Sunday, November 15, 2015

The Software Side of the House

With the hardware pinned down it was time to figure out what I was going to do with this thing. The example code for the GPS logger shield get me 90% of the way there. I just decided what GPS NMEA data I wanted to log and how often and sent it to the SD card. You can check out the code at my GitHub repo.

My plan was to log my location every 5 seconds and then post process to figure out all the stats I cared about for my jog. I wanted to know the stats about my pace: average minutes/mile, 1/4 mile split rates. This is incentive for me to jog and try to improve on my time. Maybe a little weird but it works for me.

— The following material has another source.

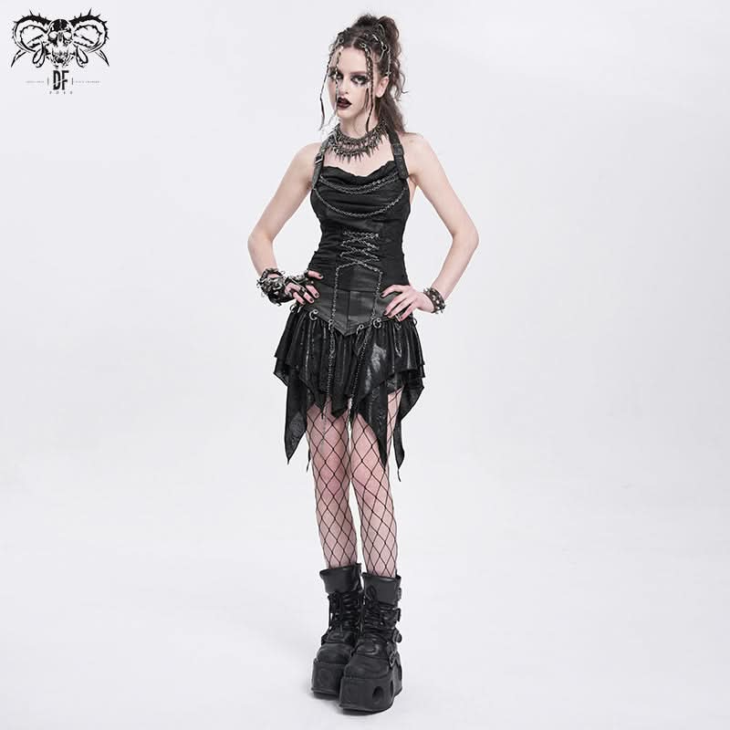 The Riot Seraph Chain Tee fuses punk grit with angelic subversion a sleeveless halter silhouette accented by a bold chain detail that sings of underground stages, graffiti ruins, and neon‑washed backstreets.

I looked around to see if anyone had already done anything like this before. As usual I found a lot of things kinda like what I was looking for but no exact matches. So I started with some code written for a Sparkfun tutorial. It had a similar spirit of what I wanted to do - overlay GPS data on a map but not worry about being online. It used a module to parse the GPS NMEA sentences that I logged to the SD card. Thanks to Becky Lewis in the UK for putting together the NMEA parser that was closest to what I wanted. The code I made for myself (before I thought about showing my dirty laundry to the world) iterated until I hand selected the starting point and then the end point of the jog. With the start and end point known, then it calculates my beloved stats. Currently, it has a clunky if a jog else a commute logic section to figure out what kind of GPS track I'm trying to make sense of. I'm thinking of a slicker way to read in bounding box metrics and what map to use with that bounding box. But rather than go down that somewhat clunky sounding road, I might consider using a different module and maybe a web resource to dynamically load map data on a web page?

Going back to the original Sparkfun tutorial post. I see some suggestions in the comment section to try geopy or pymaps. I'll have to go back and check those out.

The Sparkfun tutorial uses matplotlib to plot the GPS data ovelayed on a map that you know the Top Right and Bottom Left Lat/Long. This works well enough but it is not the prettiest of outputs.


For my next rev I would really like to figure out how to plot my progress in a similar way to how Nike+ does it using a heat map style line plot - faster is green slower is red.